# Dog doesn't bark (at all)!



## AtticusJordie (Aug 15, 2006)

Our Atticus is over 7 years old. He's barked, maybe a dozen times in his lifetime. If that.

I'm no GR expert--but in my experience, it's no big deal.

Hopefully you'll get some input from some of our breeders here in the forum--they will have a much more rounded idea whether that's a concern or not.

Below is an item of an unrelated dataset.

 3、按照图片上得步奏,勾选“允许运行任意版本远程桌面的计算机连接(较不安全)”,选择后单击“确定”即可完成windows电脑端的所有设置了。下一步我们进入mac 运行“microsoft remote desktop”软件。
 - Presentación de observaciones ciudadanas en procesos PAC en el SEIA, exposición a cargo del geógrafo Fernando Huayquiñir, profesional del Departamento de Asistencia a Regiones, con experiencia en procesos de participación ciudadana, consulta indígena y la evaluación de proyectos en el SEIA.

Best of Luck with the new puppy!

SJ


----------



## HovawartMom (Aug 10, 2006)

Priska,never,barked until she was 3 yrs old and thst's when I got my 2nd dog.She did growl but not too often!.


----------



## Heidi36oh (Feb 27, 2007)

Be glad she don't bark yet, I got 3 and there constantly barking:doh:


----------



## GoldenJoyx'stwo (Feb 25, 2007)

Shadow didn't bark until he was older. His bark will knock the socks off ya! He only barks when it's appropriate. Tucker barks much more often.


----------



## harlowsmom (Feb 25, 2007)

Harlow didn't bark until she was almost a year I think. It really startled me the first time! She still rarely barks.


----------



## Ardeagold (Feb 26, 2007)

A good number of our Goldens rarely bark. However I have two Newfs that won't shut up. Want them?? (just kidding, of course!).

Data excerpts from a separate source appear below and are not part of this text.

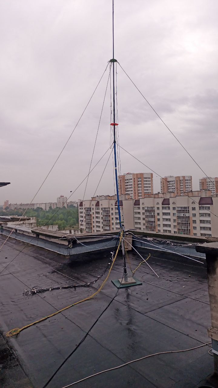 За день до теста в очередной раз поставил 2 эл JJ. Места на крыше, вблизи коммутатора уже мало. поэтому направил его на Европу. Ну и по старой доброй традиции, он не пригодился, так как прохождения на 10м в очередной раз не было… Помня о прошлой аварии сделал 2ой ярус растяжек для вертикала. Но все равно очевидно, что ждет меня третья итерация этой антенны…
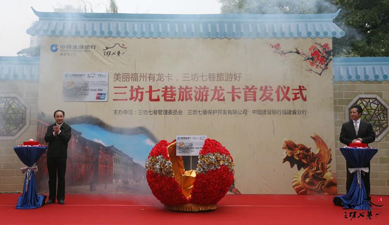 12月8日,三坊七巷管理委员会与中国建设银行福建省分行共同发行三坊七巷旅游龙卡。这是福州市首张以旅游文化景区命名的银行卡。三坊七巷是福州市著名旅游文化景区,荣获“中国十大历史文化名街”、“国家4A级旅游景区”、和“中国首座生态(社区)博物馆”等多项荣誉称号,是中国都市仅存的一块“里坊制度活化石”。此次中国建设银行福建省分行与三坊七巷管委会共同推广发行“三坊七巷旅游龙卡”,将福州传统旅游文化与建行金融服务文化相融合,开创了旅游文化与金融产品相结合的首例。三坊七巷旅游龙卡卡面精美,体现了三坊七巷古老文化名居,艺术构图极具收藏意义。该卡为银联龙卡通IC卡,具有现金存取、支付结算、购物消费、证券交易、外汇买卖、账户管理、理财签约服务、电子现金快速支付等龙卡借记卡所有的金融功能。同时,三坊七巷龙卡还加入了中国旅游卡的各项功能,为持卡人提供景区、酒店、保险、购物等旅游相关的全方位特惠服务,享有全国百家景点门票刷卡购票5-8折优惠折扣;同时还精选特惠酒店,买两晚,一晚免费,送完为止。全国千家特惠商户,吃喝玩乐享各类折扣。2014年3月底前,在福州各建行网点申办三坊七巷旅游龙卡即可赠送三坊七巷精美卡套,先到先得。
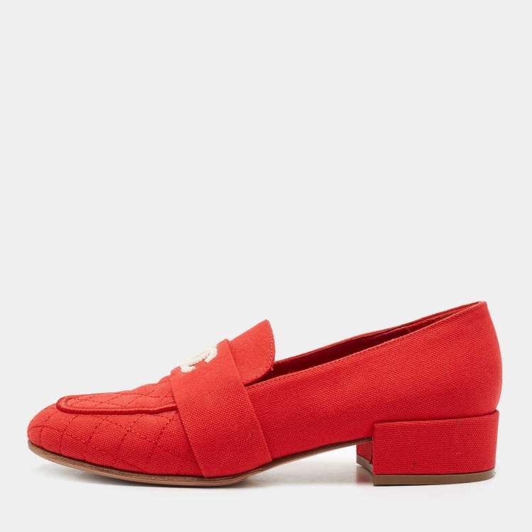 Chanel Red Canvas Beaded CC Loafer Pumps Size 36
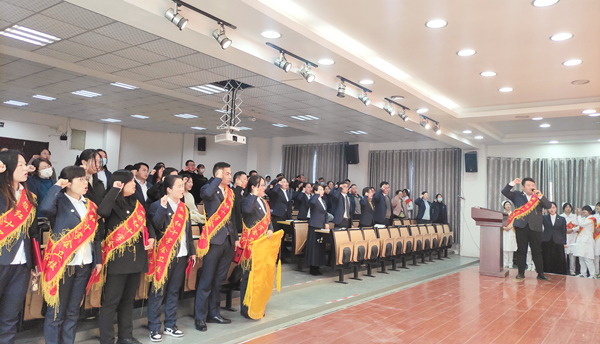会上,全体教职工在招生办公室万世超老师的带领下进行宣誓,通过一句句傲争铁骨的誓词,表达出全体红卫人2022年招生工作的必胜信心与决心。
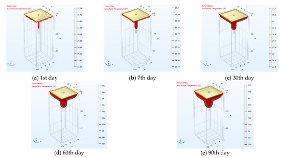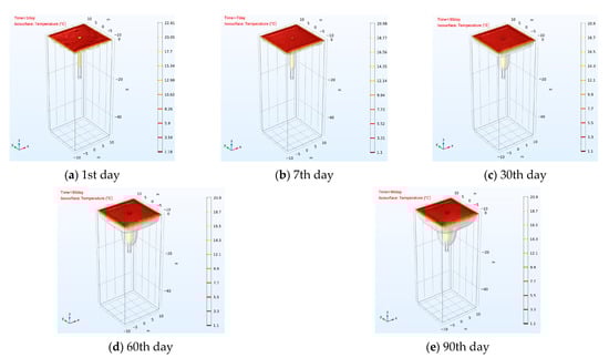 Figure 2 and Figure 3 depict isotherms illustrating the temperature distributions in the pile and soil on the 1st, 7th, 30th, 60th, and 90th days for both summer and winter conditions. The isotherms reveal a progressive stabilization of heat transfer between the energy pile and the surrounding soil. Initially, a significant temperature gradient between the heat exchange tube and the pile results in rapid internal heat transfer. After approximately 7 days, the dominant heat transfer mechanism shifts to external diffusion into the surrounding soil. By the 60th day, thermal equilibrium is nearly achieved, with minimal further changes in temperature distribution.
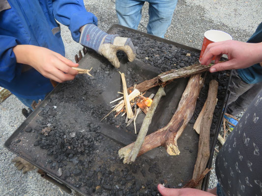 Mit Zaubermänteln und Schutzbrillen ging es gemeinsam ans Feuer. Mit voller Konzentration hielten alle ihre Stäbe ins Feuer und brachten diese zum Glühen.
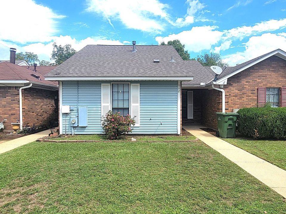Adorable 2- bedroom 2 bath split floor plan town home located across from Alabama Christian Academy. This townhome has been freshly painted throughout. As soon as you walk in you will notice how spacious the den/family room is, with a trey ceiling, and a large window with a great backyard view. Wood laminate flooring in the den/dining area, kitchen, and entry, LVP flooring in both bedrooms and bathrooms. The kitchen is open to the dining area, den/family room and features a breakfast bar and lots of cabinets. The Primary bedroom is located on the back side of the town home. It features a walk-in closet as well as large window for a great view of the backyard. The primary bedroom has its own bathroom. The primary bathroom features a large vanity with new vanity lights and mirror, tub/shower combination. The second/front bedroom features a nice size closet with double doors. The hall full bathroom also features new vanity lights and mirror and is conveniently located off of the den/family room. The laundry area with washer and dryer is located in the hallway by the backdoor. The backyard is fully fenced with a patio. Parking is located in front and behind the townhome. NO SMOKING inside this property. This property does not accept Housing Vouchers.
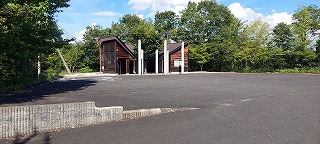 登り切った先に写真の様な駐車場とトイレがあった。 先には高い展望塔があった。 |
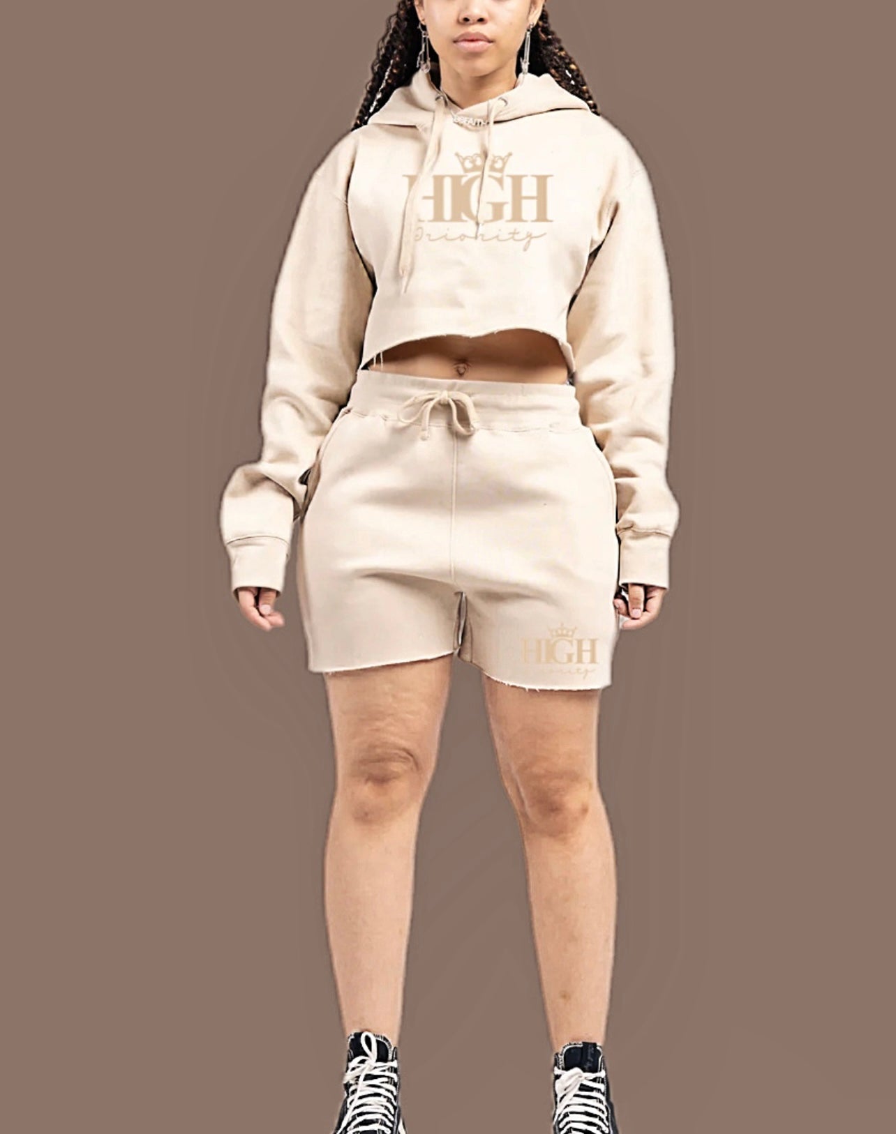 Indulge in comfort with our Riley High Priority hooded crop top fleece shorts set. Introducing our sand set paired with a tan logo. Designed for coziness, the soft feel and plush fabric create a luxurious experience. The durability ensures it withstands daily wear.
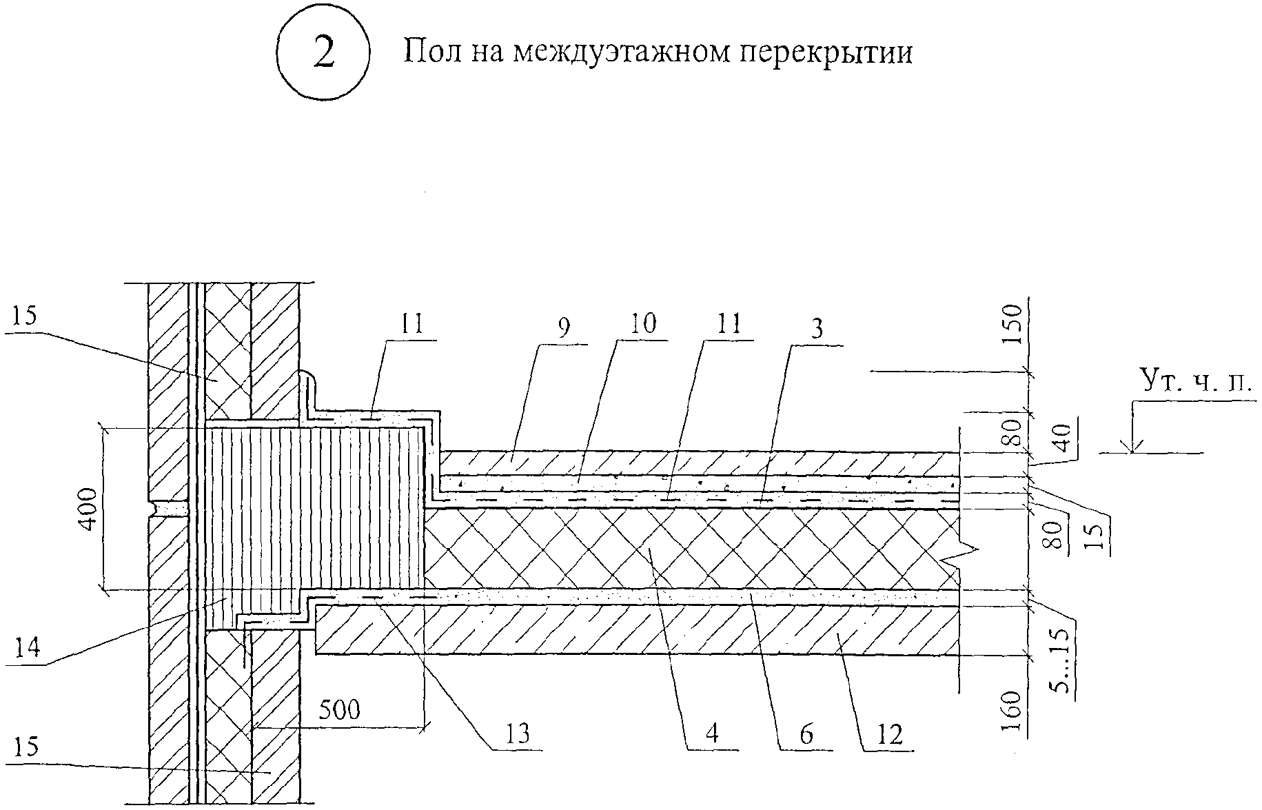мастике; 3 - стяжка из цементно-песчаного раствора;

Ray our Blind Boy barks the most.....but he IS saying something. Like "where did everyone go?" or "what's that"? But, in general, unless something is happening "out there" most Goldens that I know don't bark much when young, and are, happily, a fairly quiet breed.


----------



## Goldndust (Jul 30, 2005)

Naw, one day most likely she will find her bark...lol Nothing to worry about!


----------



## Bailey & Bentley (Feb 25, 2007)

I wouldn't worry about that. It may be a good thing. My boys bark for every little thing. If they want something, they bark...if they want to go out, they bark....if they hear someone, they bark, if one steals one anothers toy, they bark. 

I bought ear muffs.


----------



## TheHooch (May 9, 2007)

You have a blessing don't question it. ROFL If have a couple that I have never heard bark and then River who only wants to bark at night and then one will back if there is a bump in the house.


----------



## Griffyn'sMom (Mar 22, 2007)

Griff was like that as a pup. He is extremely quiet. He rarely barks at another dog and when he does it's when he's either challenged or wants to play.

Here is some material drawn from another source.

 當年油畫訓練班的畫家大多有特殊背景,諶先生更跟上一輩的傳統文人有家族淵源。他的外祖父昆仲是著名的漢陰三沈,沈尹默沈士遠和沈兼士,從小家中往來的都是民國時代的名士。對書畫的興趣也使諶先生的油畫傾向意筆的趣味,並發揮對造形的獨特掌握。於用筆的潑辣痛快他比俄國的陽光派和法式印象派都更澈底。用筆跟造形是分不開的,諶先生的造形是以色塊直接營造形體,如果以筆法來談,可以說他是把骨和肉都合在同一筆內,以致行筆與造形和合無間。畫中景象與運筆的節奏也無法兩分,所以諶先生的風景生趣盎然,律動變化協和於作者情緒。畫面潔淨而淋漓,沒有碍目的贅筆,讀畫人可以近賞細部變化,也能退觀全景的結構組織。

If he's in the yard and he barks - I listen and pay attention because it means something's amiss. (or something new.. like hubby leaving the lawn mower out there.):doh:

We just brought a canoe on a trailer into the back yard 2 days ago - Holy Moly did he bark - "Mom! Dad! There's something new out here!" My neighbor thought I was nuts out there at 10:00 PM with a flashlight, patting the canoe and patting Griff so that he would stop the alarm. He did stop barking at it the next day.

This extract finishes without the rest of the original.